Over the years I've tried quite a few different medications and found Sertraline to be one of the better ones. However, I really think with MH medications it really is a case of suck it and see, so it may be that your DD needs an increased dose but it may also be that she needs to try and entirely different medication if Sertraline isn't helping her.

Also, medications aren't really a cure but more of a temporary support. As others have said, they are really effective when they lift your mood enough that you can try other therapies.

fifietta Mon 12-Nov-12 08:28:49

Thank you all again for the positive words - it really does help to hear other's stories and that things can get better.

DD is particularly low at the moment and was poisonous yesterday, although she later apologised (it was because I insisted she come out to the town we were staying in this weekend, rather than lying in bed watching TV).

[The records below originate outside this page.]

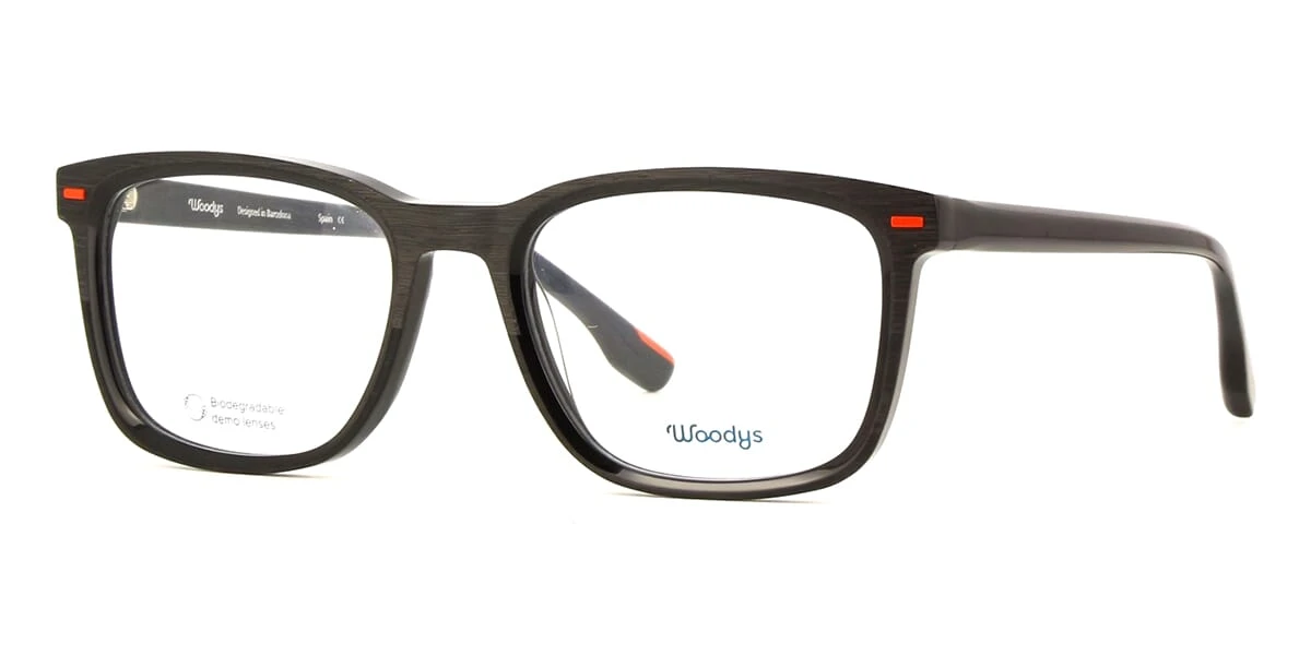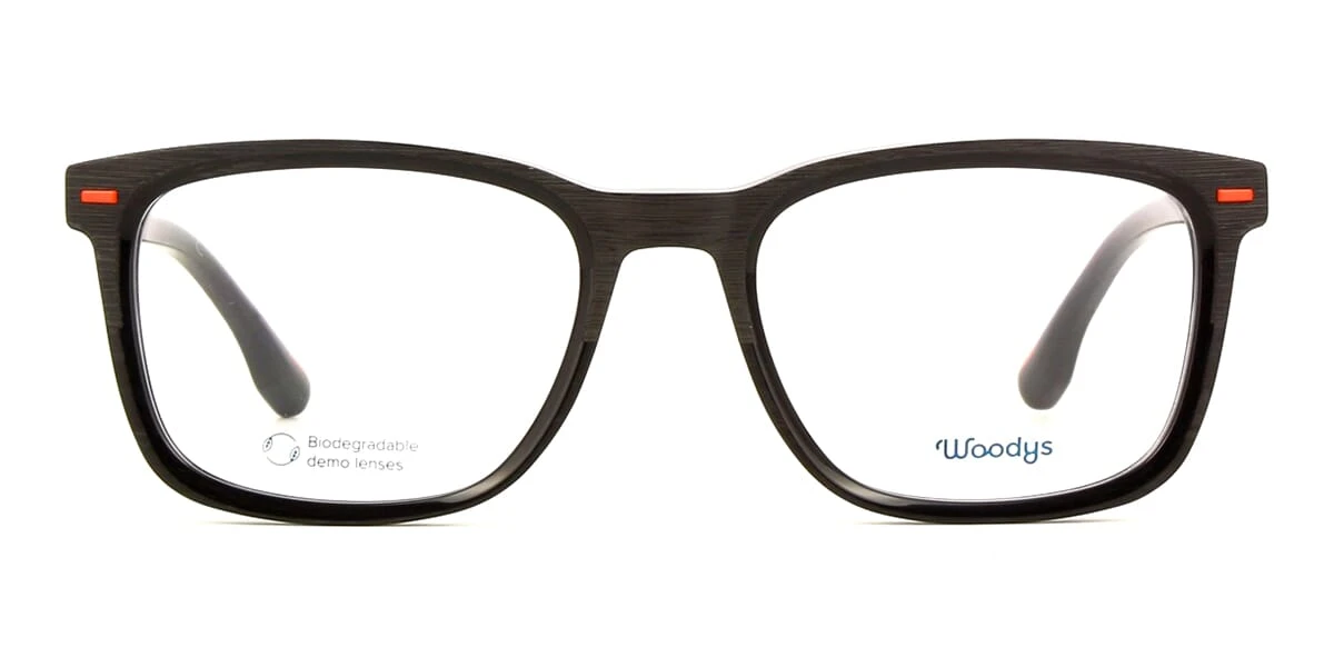 This square Woodys optical comes in a matte grey on shiny black frame.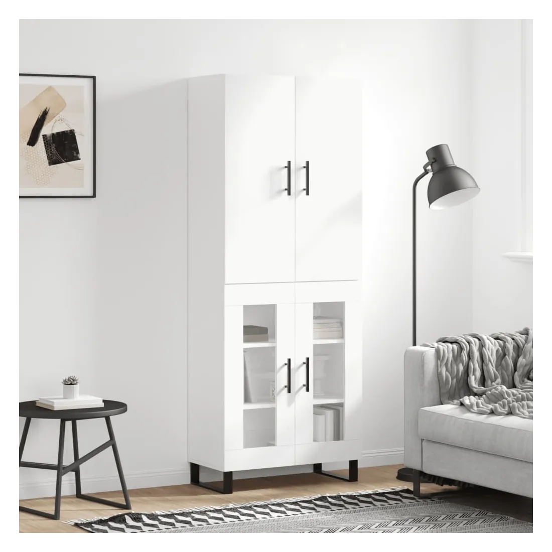 Cherchez-vous un buffet haut de gamme stylé ? Ce buffet haut ajoute un charme élégant à votre intérieur existant ! Matériau durable : le bois d'ingénierie est d'une qualité exceptionnelle avec une surface lisse et présente également résistance, stabilité et résistance à l'humidité.Grand espace de rangement : l'armoire latérale offre un grand espace de rangement pour garder vos différents articles essentiels quotidiens bien organisés et facilement accessibles.Design en verre : le design en verre met en valeur l'élégance de l'armoire latérale et vous permet d'exposer vos objets préférés.Porte pratique : gardez votre espace sans encombrement en cachant de petits articles essentiels derrière les portes de l'armoire de rangement.Pieds en métal : les pieds en métal ajoutent un style calme à votre intérieur tout en assurant la stabilité. Attention :Pour éviter qu'il ne soit renversé, ce produit doit être utilisé avec le dispositif de fixation au mur fourni. Bon à savoir :Les vis et les chevilles pour l'intérieur du mur ne sont pas incluses. Nous vous conseillons de trouver et d'utiliser des vis et des chevilles adaptées spécifiquement à vos murs. Si vous n'êtes pas sûr, vous pouvez consulter un professionnel. Veuillez lire et suivre chaque étape des instructions.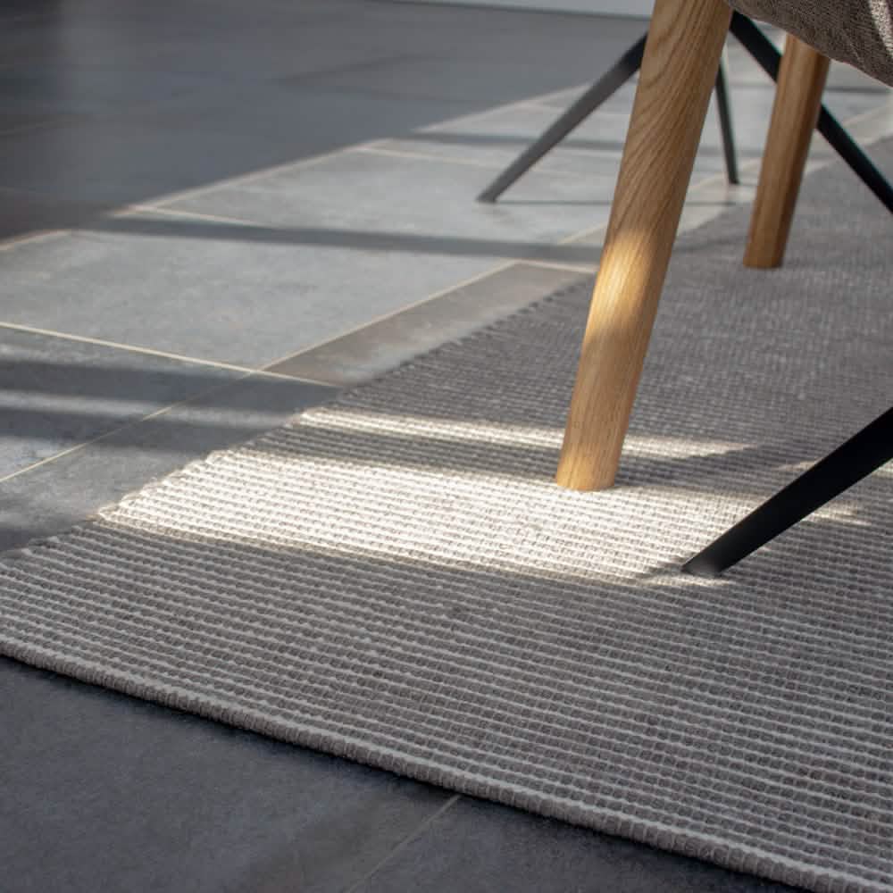 Gulvteppet er laget av en blanding på 80% ull og 20% bomull.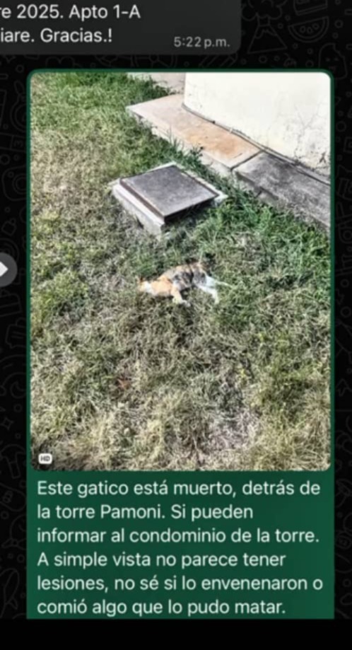 El incidente se suma a un caso anterior ocurrido en el sector Patarata y ha encendido las alarmas en la comunidad. Rodríguez relató que el calvario de Nevada comenzó cerca de las 5:30 p.m. en el parque de grama ubicado detrás de la Torre Pamoni. La mascota se desesperó al oler algo en el pasto, y minutos después, el periodista descubrió en el lugar el cadáver de un gato que, aparentemente no presentaba signos de ataque físico, sugiriendo un posible envenenamiento.

Many of her issues stem from a huge insecurity around friendships and family. She is mixed race and is not able with the West Indian side of her family as her dad, who is very ill, has decided to sever all contact with them. She hasn't seen her dad since the summer...she gets very distressed by seeing him and I think is now avoiding it, but feeling guilty at the same time. She feels that she doesn't fit in, doesn't have friends who 'understand' and is always on the outside of things. Her oldest close friend was disturbed when DD told her about the voices and hasn't contacted her since, even though she lives a few doors away - DD is is devastated by this. I think there was a boy involved about 18 months to 2 years ago and, unfortunately, she's held on to negative feelings about that and he has resurfaced, though not as a 'boyfriend'. It's a very complicated situation. Really it's been building over a couple of years and I wonder if I could have done something different.

I do think I'm going to agree to an increased dose of AD's - it's unbearable to see her so unhappy - and hope that the art therapist is good.

Brightspark - you particularly have helped, although I know for you too this ongoing. Thank you.